This appeared in the latest TimeOut Delhi
THE SKINNING TREE Srikumar Sen
THE SKINNING TREE Srikumar Sen
It’s
not easy to write about the experience of childhood. On one side, there’s the
Scylla of being patronizing; on the other, the Charybdis of an adult
sensibility colouring the proceedings. In his debut novel, the 81-year-old
Srikumar Sen avoids the first and only occasionally strays into the second. His
The Skinning Tree is marvellously
evocative of the narrator’s childhood in 1940s Calcutta and in a Catholic boarding
school in north India.
From
its arresting opening that deals with a school matron’s tragic fall off a precipice,
the novel submerges us in the mind of the 9-year-old Sabby and his privileged
pre-Independence childhood. He’s
snatched from this Eden when his parents, fearing a Japanese invasion, send him
away to school.
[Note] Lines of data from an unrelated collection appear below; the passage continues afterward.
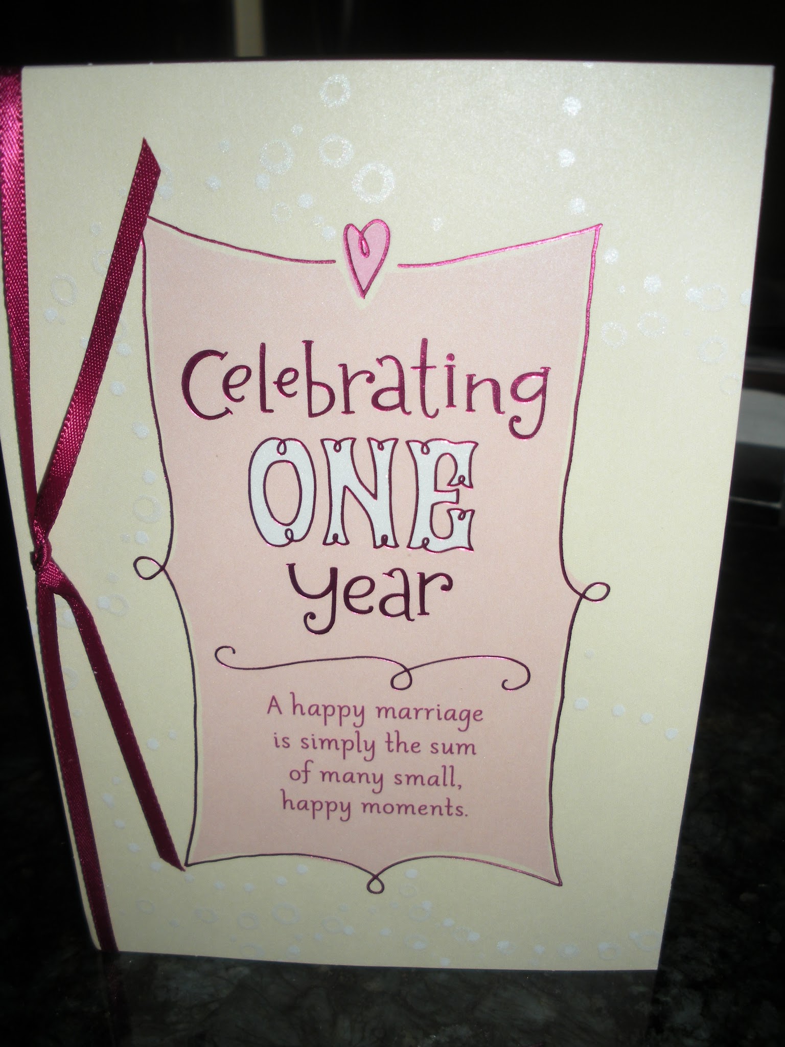 Finally, we got the following card in the mail this week. Can you believe it , our 1st wedding anniversary is coming up this weekend.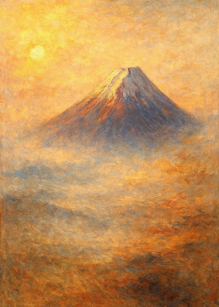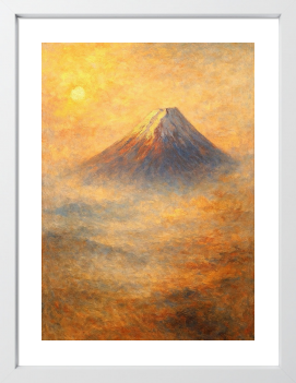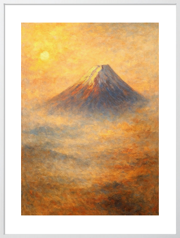 AIで元を生成し、Photoshop等を使用して制作したデジタルアート作品です。 富士山と風の気配として立ち上がる、 日常の空間に、呼吸するような作品です。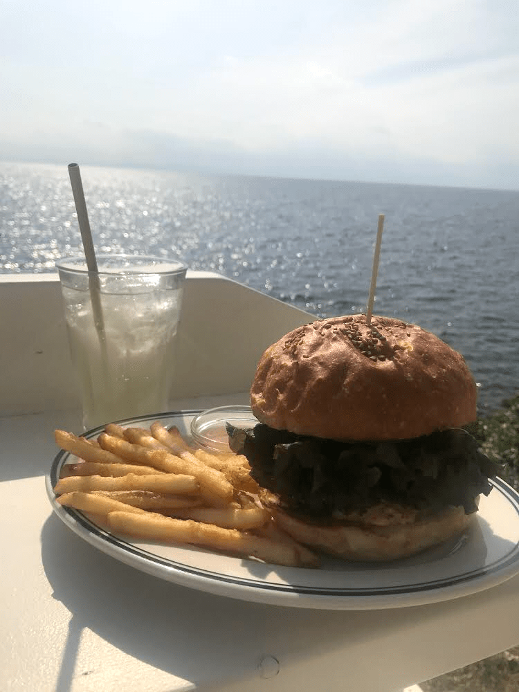 To accompany the magnificent view of Akiya beach, a newly opened café restaurant, Luvit Hayama, offers some of the most gastronomically satisfying hamburgers around.

Sabby’s Calcutta escapades, from watching a movie with a friend
to making manja to fly kites, are portrayed
in just the right tone of childlike wonder and thrill of discovery. The meals
during a trip to Mussoorie are symbolic of his worldview: “variations of
Windsor soup, Irish stew, Emperor pudding at dinner time and curry and rice and
chutneys at lunch”. The effect is spoilt somewhat on the occasions that Sen spells
this out in more literal terms.
When
he faces the harshness of boarding school, the gentle Sabby begins to change. Sen
captures his classmates’ Anglo-Indian patios – “I’m telling you, m’n! Yeah,
m’n!” -- and challenges such as the making of a bed or the stealing of a
chapatti. The school administrators, “distant disciplinarians in white habits”,
keep the boys in line by whipping and caning, and this brutish treatment makes
Sabby and his friends brutal too. For sport, they mutilate snakes and
squirrels, throwing their carcasses onto a tree-entwined cactus on a nearby
slope – the “skinning tree” of the title. Their predicament can again be read
as symbolic, especially the fear of an English penny tied to a strap “to make
it hurt more”.
Symbolic
or otherwise, The Skinning Tree’s
primary purpose is in the evocation of a lost time and its lingering effects.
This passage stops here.